LAND O'LAKES, Fla. — A circuit court judge on Friday ruled against a man charged with second-degree murder in connection with a January 2019 road rage shooting in Land O'Lakes who claimed he discharged his firearm in self-defense.

  • Daimon Brissett, 40, claimed other driver tried to run him over
  • Witness accounts differ from Brissett's account
  • Judge: Circumstances surrounding use of deadly force did not meet "Stand Your Ground" criteria
  • More Pasco County stories

Daimon Brissett, 40, who was charged in the shooting at the intersection of State Road 54 and Land O'Lakes Boulevard, told investigators the driver of the vehicle that rear-ended him then tried to run him down.

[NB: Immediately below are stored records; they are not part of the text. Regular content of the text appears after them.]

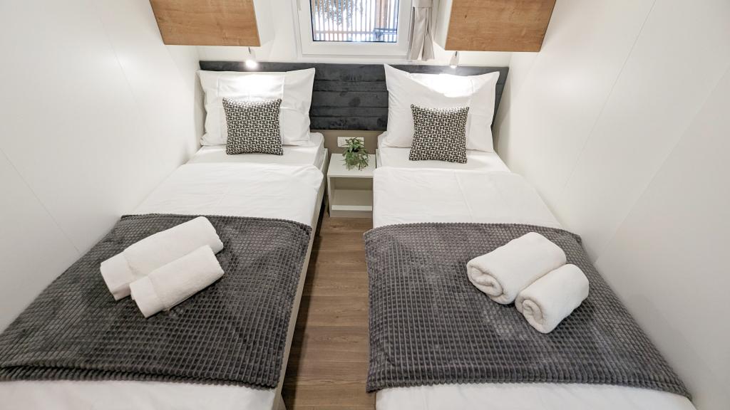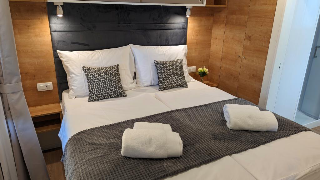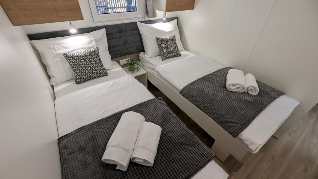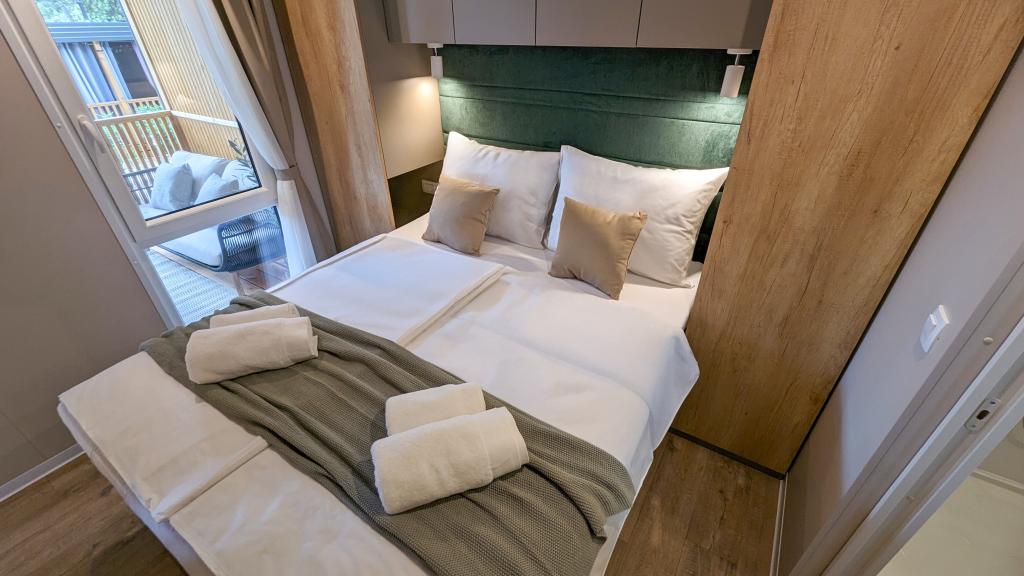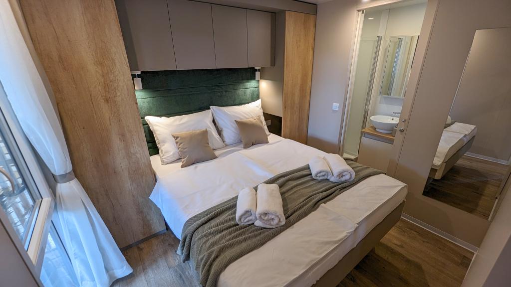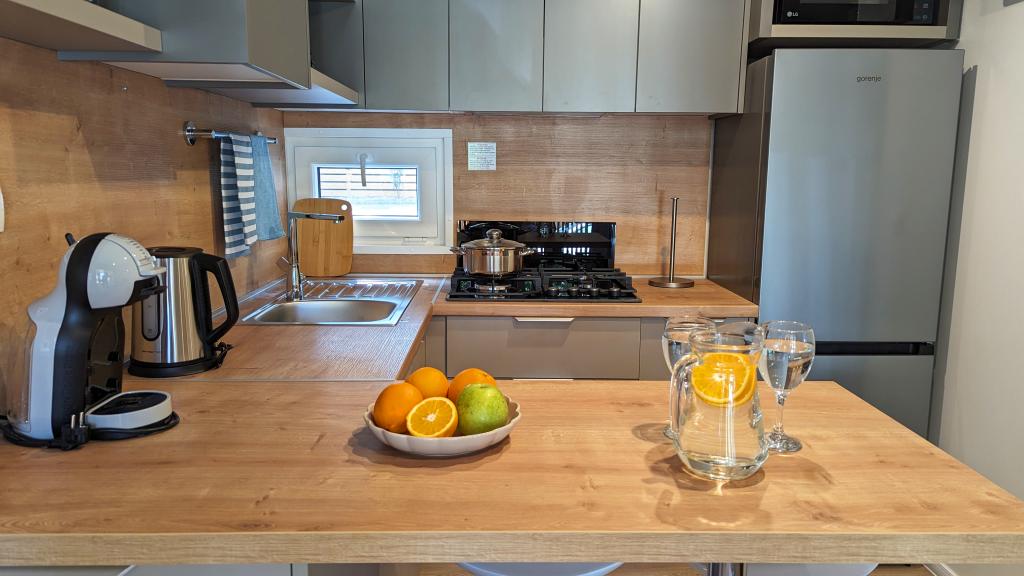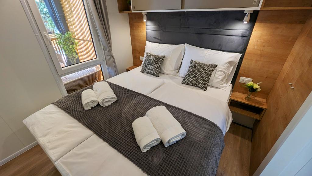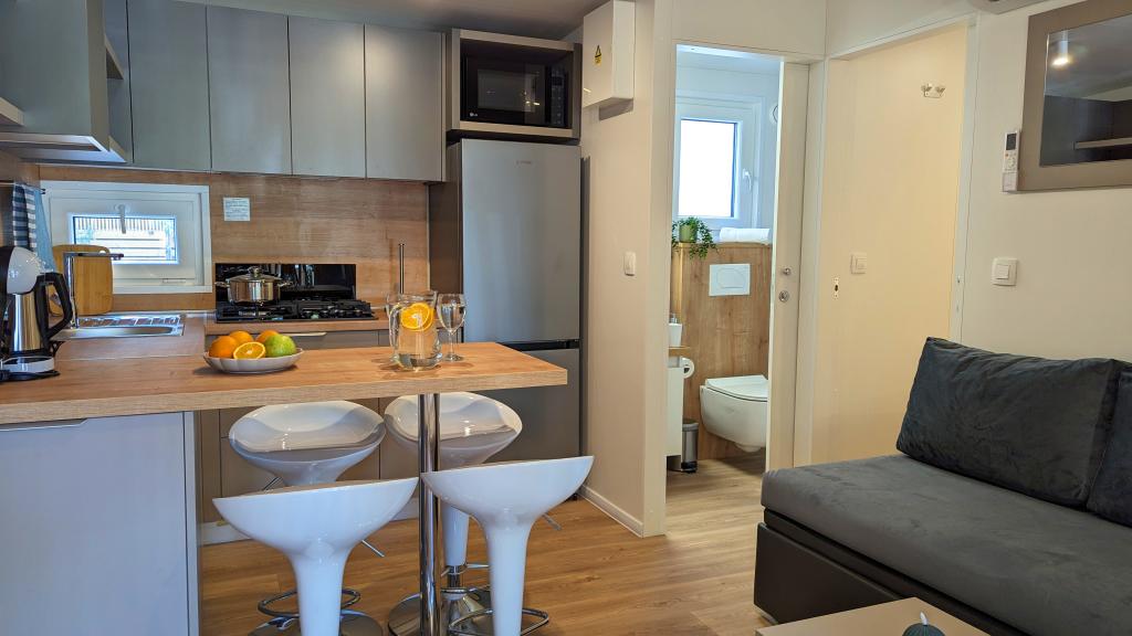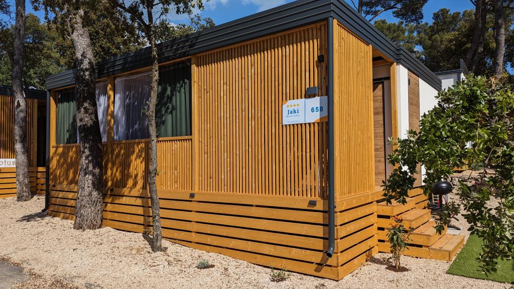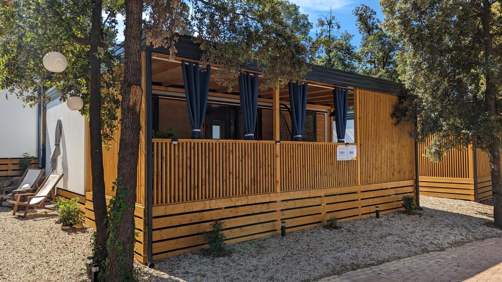 Bucurați-vă de natură și confort: case mobile Jaki la campingul Soline, Biograd na Moru. Situate într-o zonă liniștită a campingului de 4 stele, înconjurată de păduri de pini, casele noastre mobile dotate modern sunt ideale pentru până la 6 persoane. Bucurați-vă de apropierea de plajă (2-5 minute de mers pe jos), de magazine și restaurante și de promenada care duce spre centrul orașului (15 minute). Aceste căsuțe oferă 2 dormitoare și 2 băi, un living, o terasă mare cu masă și zonă de lounge și o bucătărie complet utilată - mașină de spălat vase, cuptor cu microunde, aparat de cafea, prăjitor de pâine, blender, grătar în aer liber. Casa include și WiFi gratuit, parcare gratuită chiar lângă casă, Smart TV, aer condiționat, prosoape și lenjerie de pat. Tabăra oferă numeroase facilități pentru întreaga familie: plaje frumoase cu nisip și pietriș care se întind până în centrul orașului, un restaurant cu specialități mediteraneene, un loc de joacă pentru copii, activități sportive și închiriere de biciclete. Dalmaland, cel mai mare parc acvatic tematic din Croația, este la 15 minute de mers cu mașina.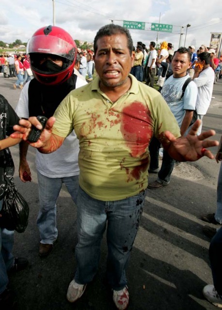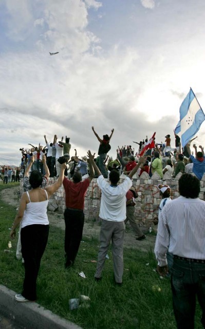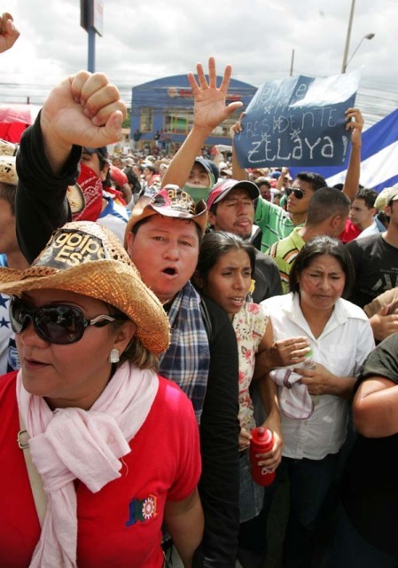 Honduras: coupplegers verhinderen terugkeer legitieme regering, tenminste twee doden onder demonstranten    Dramatische taferelen afgelopen zondag rond het vliegveld van de Hondurese hoofdstad Tegucigalpa. Tienduizenden mensen waren naar het vliegveld getrokken om de terugkeer van de door een coup afgezette linkse president Zelaya te ondersteunen. Eenheden van het Hondurese leger hadden het vliegveld bezet en voorkwamen dat het vliegtuig met de president kon landen. De demonstranten werden met geweld buiten de hekken gehouden, waarbij met traangas en later ook met scherp geschoten werd. Demonstranten belaagden de militairen op hun beurt met een hagel aan stenen. Tenminste twee demonstranten werden door militairen doodgeschoten. Zie filmbeelden en nadere info op BBC: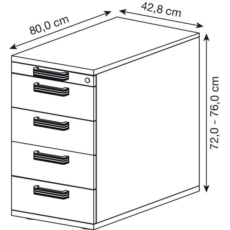 Die Serie SC50 von HAMMERBACHER ist bekannt für ihre durchdachten Lösungen und die Kombination aus Funktionalität und Ästhetik. Der Akandia Standcontainer ist nicht nur ein praktisches Möbelstück, sondern auch ein echter Blickfang, der deinen Arbeitsbereich aufwertet. Mit insgesamt vier Fächern/Schüben bietet er ausreichend Platz für Akten, Büromaterialien und persönliche Gegenstände, sodass du stets einen aufgeräumten und organisierten Arbeitsplatz genießen kannst.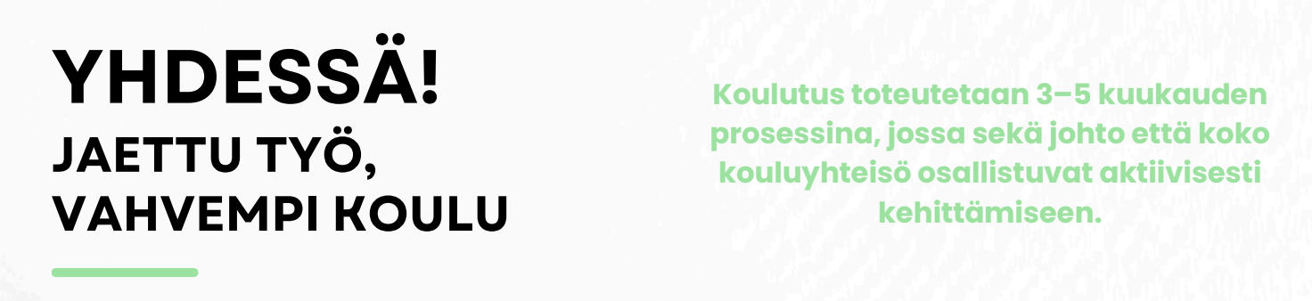 Prosessi vahvistaa jaettua asiantuntijuutta, lisää työn sujuvuutta ja luo yhteistä suuntaa arjen rakenteisiin – koko koulun henkilöstölle.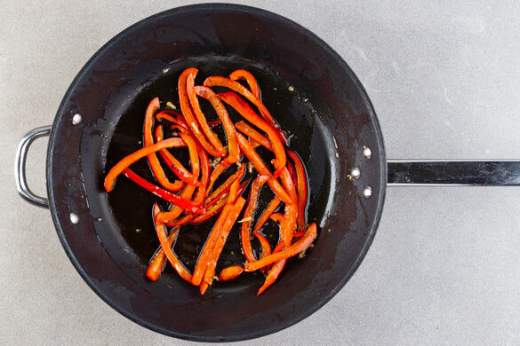 Die Paprika in einer mittelgroßen Pfanne mit 1EL Olivenöl und 1 Prise Salz bei mittlerer bis starker Hitze 5–8Min. anbraten, bis die Paprika weich wird. Ca. 2Min. vor Ende der Garzeit den restlichen Knoblauch hinzufügen und mitbraten.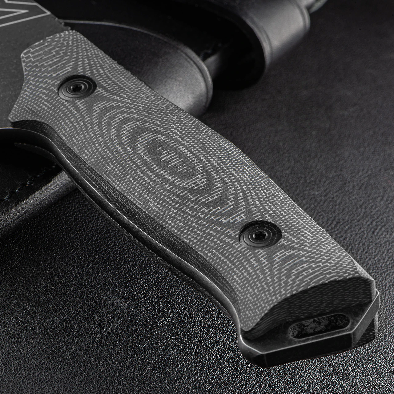 The handle is made of durable Micarta. It is ergonomic and easy to handle and is equipped with holes for Paracord to achieve a higher level of safety during demanding work.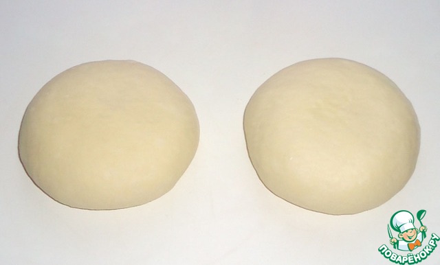 Тесто нужно разделить на 2 равные части, сформировать лепёшки, оставить на 15 минут.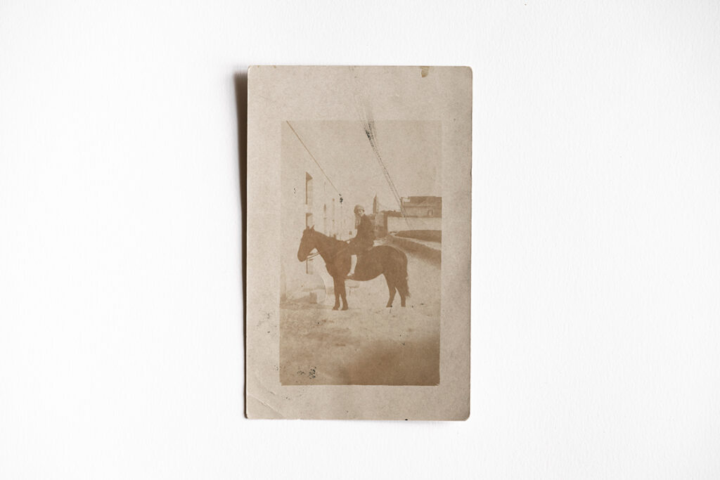 - Cartolina del 1927 di una donna a cavallo. ↩︎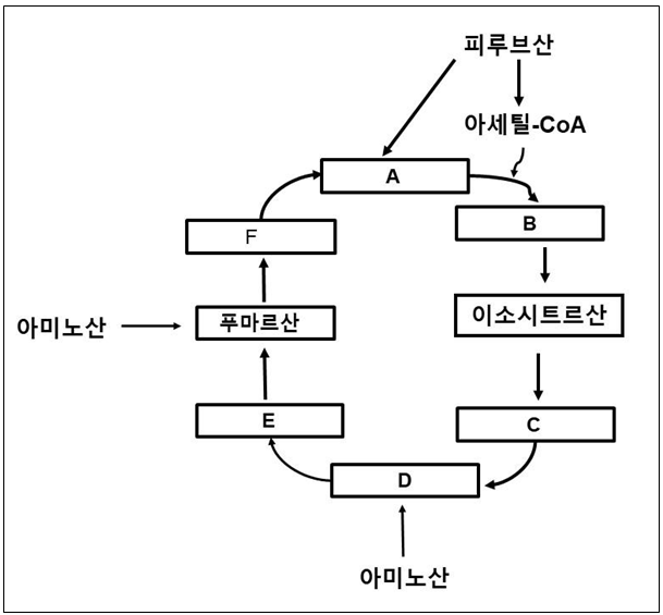 시트르산 회로의 중간산물은 여러 가지 생합성에 필요한 전구물질을 제공해 주므로 이러한 전구물질을 합성하는 반응이 필요하다. 이 반응을 보충반응(anaplerotic reaction)이라 하는데 그림의 A를 보충하는 반응을 촉매하는 효소는?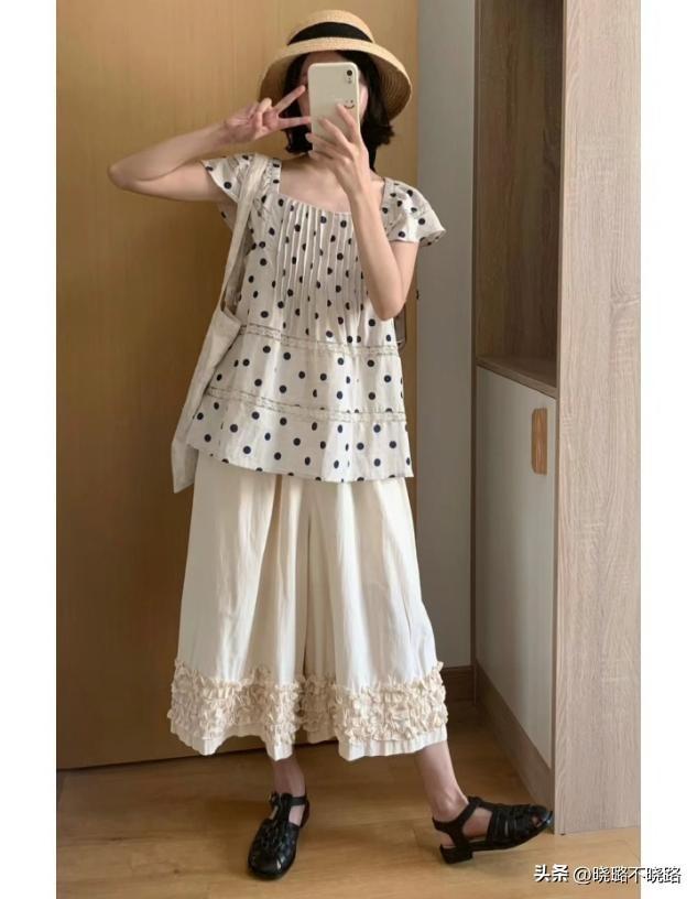 公主褲對於身材線條的維護也是非常明顯的,因爲這種褲子的版型比較偏寬,也就是融合了闊腿褲的直筒版型的特色,營造出來的比較大的穿着空間,可以維護梨形或者蘋果型身材女生的短板,增加上木耳褶皺邊的甜美效果,穿搭的減齡又顯時尚並不難。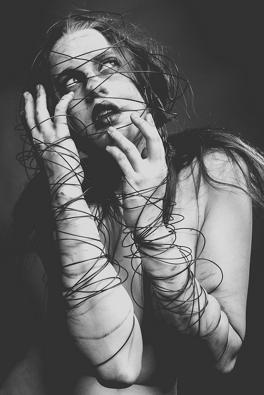Then we moved onto a darker themed set using just some wire that he found at the flea market. I made my hair crazy, and darkened my makeup, and used the oil that was on the wire the make the photos look grimy and dark.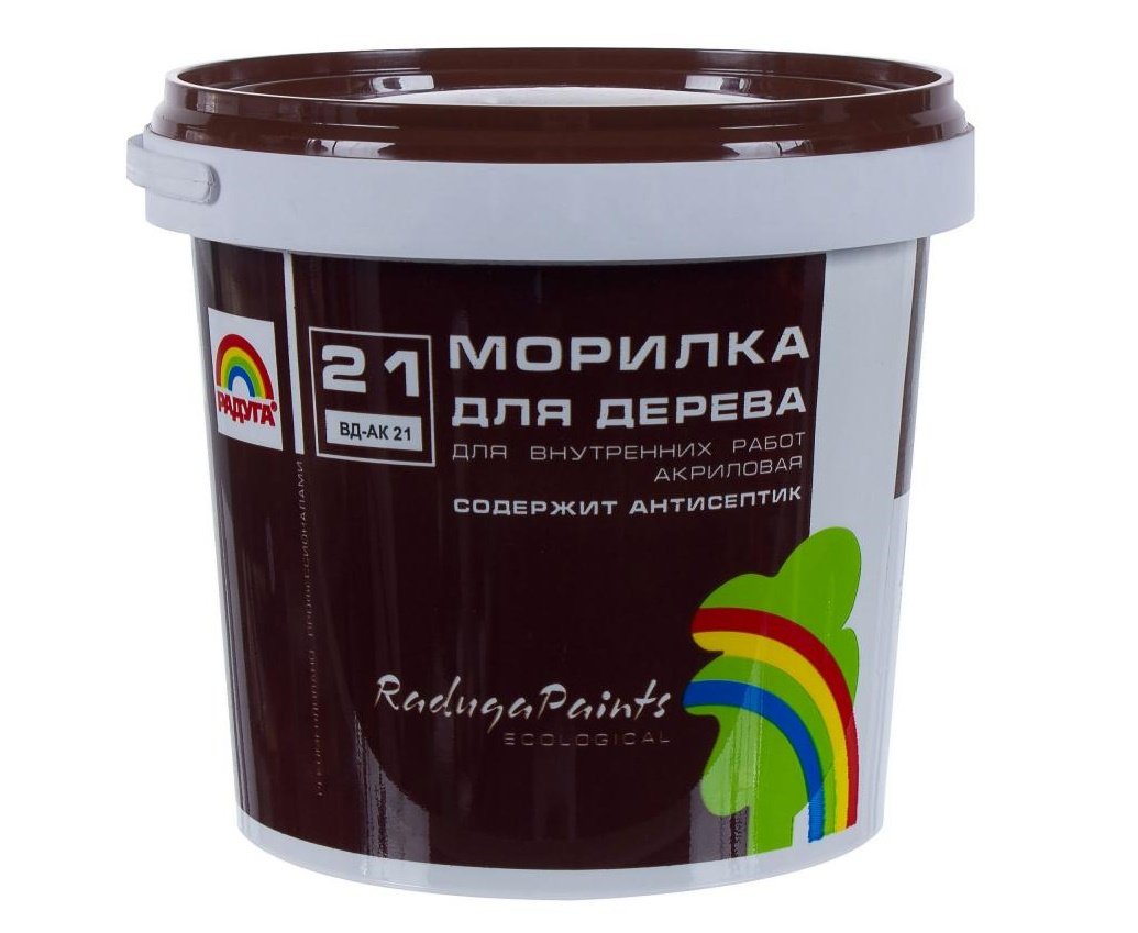 La mancha a base de agua se puede usar fuera y dentro de la sala de estar. No tiene olor desagradable, es absolutamente no tóxico. La composición tiene un bajo consumo, fácil de aplicar. De las desventajas, se puede observar una pobre resistencia al agua. Después de la aplicación, las fibras de madera se elevan, lo que abre el camino a la humedad. La superficie pintada se seca durante mucho tiempo: 12-15 horas. No recomendado para especies de madera resinosa.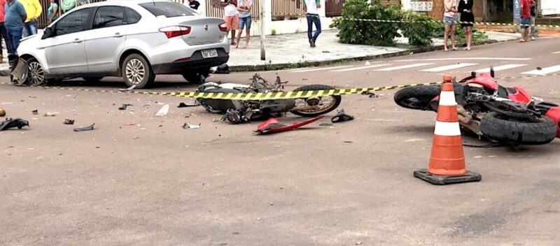 O sargento Ferreira, da Polícia Militar, informou que “a dinâmica dos fatos aqui, segundo o condutor do Siena que é pai de um dos envolvidos, que é o da CB1000, ele relata que estava subindo sentido BR-163 e o filho coincidentemente estaria descendo com a moto CBR 1000, sem nenhum saber do outro”. “Na hora que foi cruzar pai e filho (na esquina), veio a Bros e se chocou com a CBR-1000 e jogou ele em cima do carro”, detalhou.

“I just got rear-ended, and I came out,” Brissett can be heard telling a dispatcher on the recording of the 911 call. “As I’m looking at the back of the vehicle, the driver that rear-ended me tried to run me over with his car.”

“Is anybody injured?” the dispatcher asked.

“Well, I had to discharge my firearm, yes. I don’t know if he’s injured or not,” Brissett responded.

According to an arrest affidavit, Brissett told investigators he was standing at the rear passenger side of his car when the driver of the other car, Scott Bartolotti, 38, drove toward him. Brissett said he jumped toward the rear driver’s side to avoid being hit, then fired his handgun into the driver’s window.

 

Daimon Brissett (Courtesy of Pasco County Sheriff's Office)

Four witness accounts are included in the documents, and some of them outline a different series of events.

Two witnesses described seeing Brissett walk directly toward the driver’s side of Bartolotti’s vehicle moments before they heard gunshots.

While two accounts also described seeing Bartolotti’s car move forward, none reported seeing Brissett standing in the path of the vehicle. One woman who was directly behind Bartolotti’s car when the shooting occurred told investigators that he quickly pulled in front of her just before the intersection, and then Brissett’s car quickly moved in front of Bartolotti’s.

She said Bartolotti’s car then “’tapped’ or ‘bumped’” the back of Brissett’s car.

Circuit Court Judge Kemba Lewis concluded that Bartolotti’s car was moving away from Brissett at the time of the shooting, and that the circumstances surrounding the deadly force used didn’t meet the criteria of the state’s “Stand Your Ground” law.